(Data)
═══

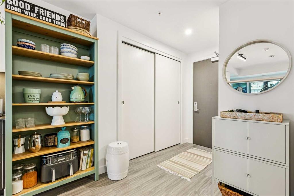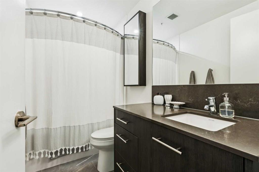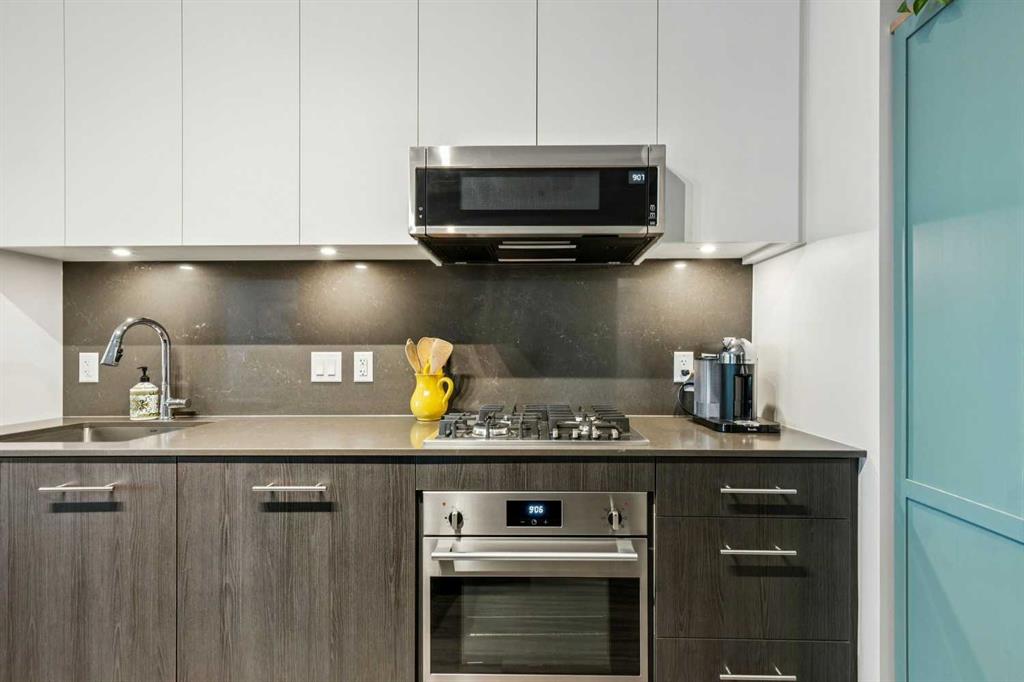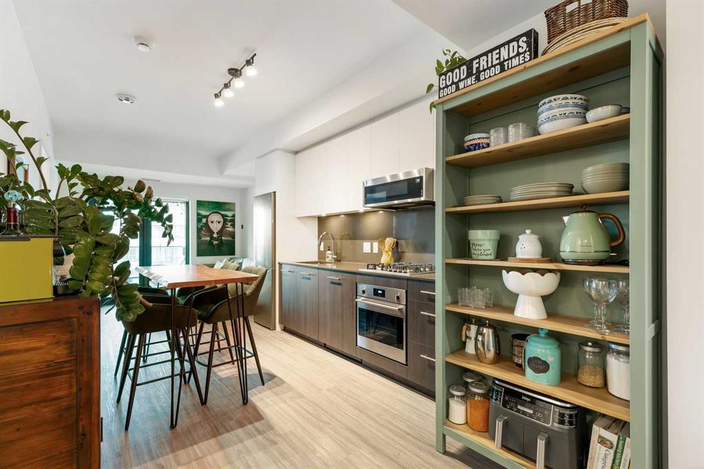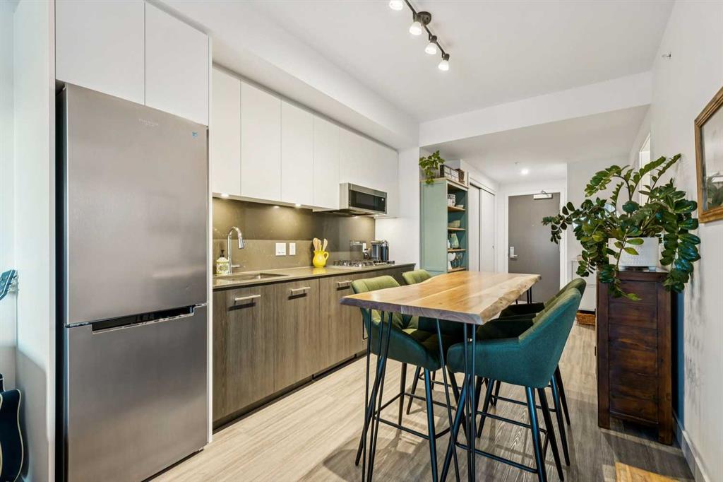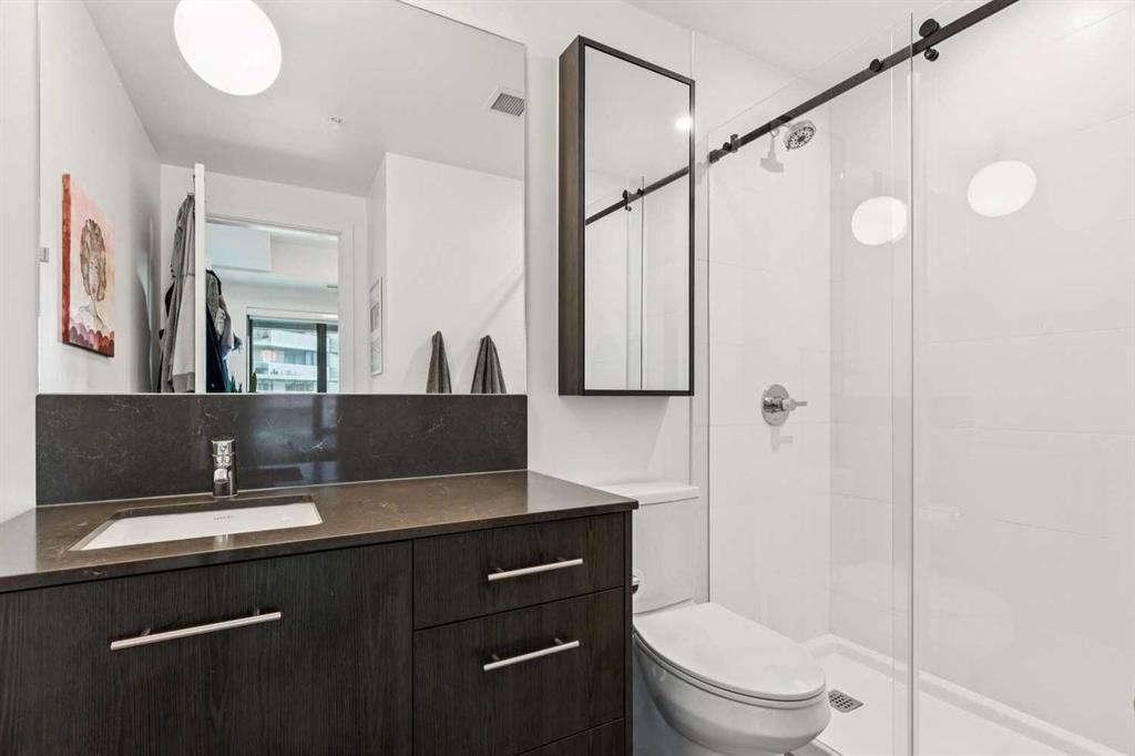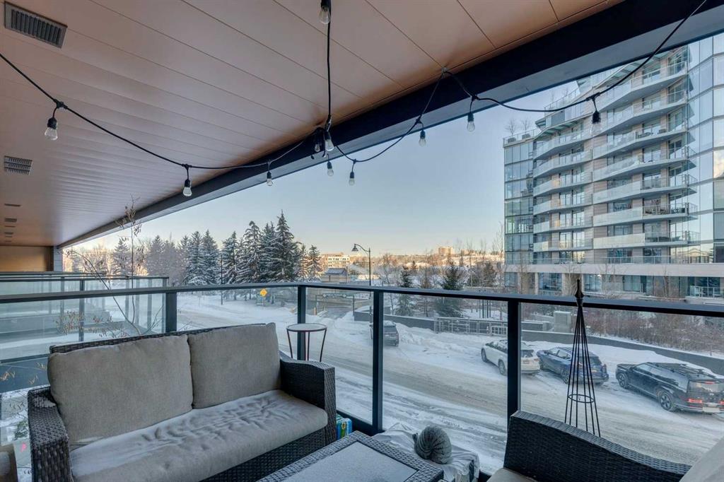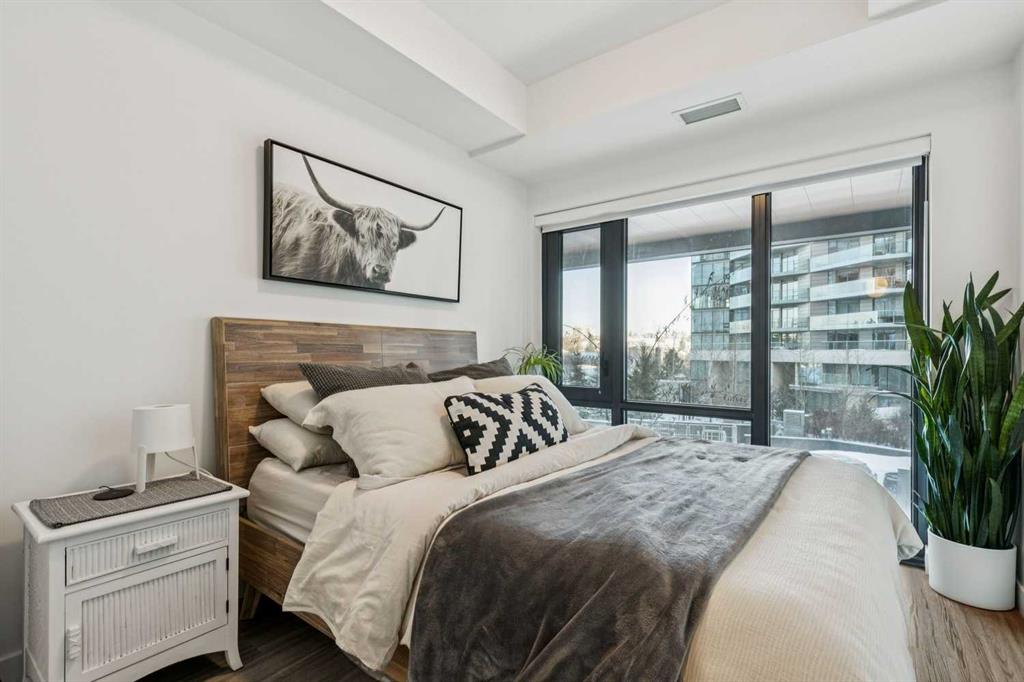 Welcome to Unit 210 at First & Park — in Calgary’s highly sought-after Eau Claire community, where the city meets the river. This contemporary 2 bedroom, 2 bathroom home blends modern design with everyday functionality, offering exceptional value in one of downtown’s most desirable buildings. The open-concept layout showcases a sleek kitchen with quartz countertops, stainless steel appliances, and ample cabinetry, seamlessly flowing into a bright living area that extends to your large balcony overlooking the Peace Bridge and the River – the perfect place to enjoy morning light or unwind after work.The spacious bedroom, full bathroom, and in-suite laundry provide comfort and convenience, while the titled parking stall adds everyday practicality. Residents enjoy premium amenities including a fully equipped fitness centre, stylish party lounge, an outdoor patio and gas BBQ hookups, secure parcel lockers, two elevators, and concierge service seven days a week — all within a quiet, boutique-style building. Located just steps from the Bow River pathways, Prince’s Island Park, Eau Claire Market, and downtown’s top restaurants, cafés, and shops, this home offers the perfect balance of lifestyle and location. Whether you’re a first-time buyer, investor, or searching for a refined downtown residence – this home checks every box for sophisticated inner-city living. Book your showing today!
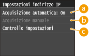 ![]() Se viene visualizzato <On>, toccare <Acquisizione automatica> e impostare sia <Selezione protocollo> e sia <IP automatico> su <Off>.
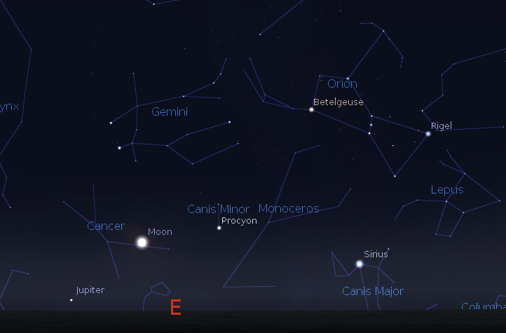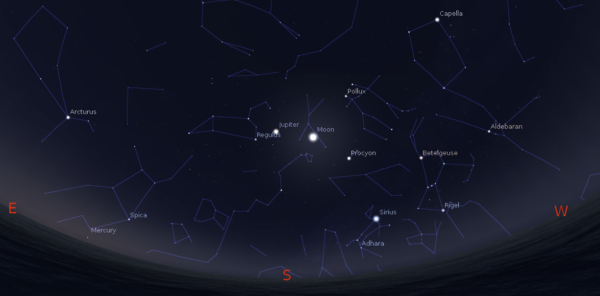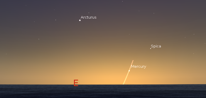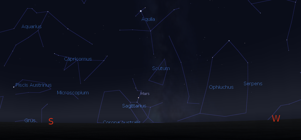 Tonight Mars will be low in the southwest at 7 p.m. It will set at 8:30 p.m. Jupiter now rises before midnight at 11:45 p.m. The best telescopic views will have to wait a couple of hours. Better to view Jupiter in the morning. The planet Mercury is making its autumn morning appearance now, rising in the east-southeast at 6:19 a.m. By 6:45 or so it should be visible low in the eastern sky, below and left of the star Spica, of about the same brightness, but has a bluish tinge in binoculars. Mercury is brightening as moves away from us and its phase appears fuller. Being close in to the sun its distance doesn’t vary by much so its brightness is governed more by its phase. Its separation from the sun is now down to 14.5 degrees.
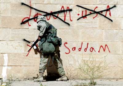 就在地面部队采取“搅局”行动时,空中的武装直升飞机也盘旋警戒,似乎萨达姆就隐藏在人群中一样。美军在坦克掩护下,用铁丝网在街头设立临时检查站并仔细搜查过往车辆。为了清除萨达姆的“余威”,美军使用斧子把这位领导人的画像砸烂,接着出动大批官兵把街道两侧墙壁上书写的反美标语清除干净。路透社记者发现,其中好些竟然是用英文写的“萨达姆万岁,布什是小狗”等等“大不敬字眼”。据说,此前一天晚上,当地美军曾经遭到子弹和迫击炮骚扰。

═══

(What is required) Send back the data above word for word, with the pictures left out.

(Result)
 Welcome to Unit 210 at First & Park — in Calgary’s highly sought-after Eau Claire community, where the city meets the river. This contemporary 2 bedroom, 2 bathroom home blends modern design with everyday functionality, offering exceptional value in one of downtown’s most desirable buildings. The open-concept layout showcases a sleek kitchen with quartz countertops, stainless steel appliances, and ample cabinetry, seamlessly flowing into a bright living area that extends to your large balcony overlooking the Peace Bridge and the River – the perfect place to enjoy morning light or unwind after work.The spacious bedroom, full bathroom, and in-suite laundry provide comfort and convenience, while the titled parking stall adds everyday practicality. Residents enjoy premium amenities including a fully equipped fitness centre, stylish party lounge, an outdoor patio and gas BBQ hookups, secure parcel lockers, two elevators, and concierge service seven days a week — all within a quiet, boutique-style building. Located just steps from the Bow River pathways, Prince’s Island Park, Eau Claire Market, and downtown’s top restaurants, cafés, and shops, this home offers the perfect balance of lifestyle and location. Whether you’re a first-time buyer, investor, or searching for a refined downtown residence – this home checks every box for sophisticated inner-city living. Book your showing today!
 ![]() Se viene visualizzato <On>, toccare <Acquisizione automatica> e impostare sia <Selezione protocollo> e sia <IP automatico> su <Off>.
 Tonight Mars will be low in the southwest at 7 p.m. It will set at 8:30 p.m. Jupiter now rises before midnight at 11:45 p.m. The best telescopic views will have to wait a couple of hours. Better to view Jupiter in the morning. The planet Mercury is making its autumn morning appearance now, rising in the east-southeast at 6:19 a.m. By 6:45 or so it should be visible low in the eastern sky, below and left of the star Spica, of about the same brightness, but has a bluish tinge in binoculars. Mercury is brightening as moves away from us and its phase appears fuller. Being close in to the sun its distance doesn’t vary by much so its brightness is governed more by its phase. Its separation from the sun is now down to 14.5 degrees.
 就在地面部队采取“搅局”行动时,空中的武装直升飞机也盘旋警戒,似乎萨达姆就隐藏在人群中一样。美军在坦克掩护下,用铁丝网在街头设立临时检查站并仔细搜查过往车辆。为了清除萨达姆的“余威”,美军使用斧子把这位领导人的画像砸烂,接着出动大批官兵把街道两侧墙壁上书写的反美标语清除干净。路透社记者发现,其中好些竟然是用英文写的“萨达姆万岁,布什是小狗”等等“大不敬字眼”。据说,此前一天晚上,当地美军曾经遭到子弹和迫击炮骚扰。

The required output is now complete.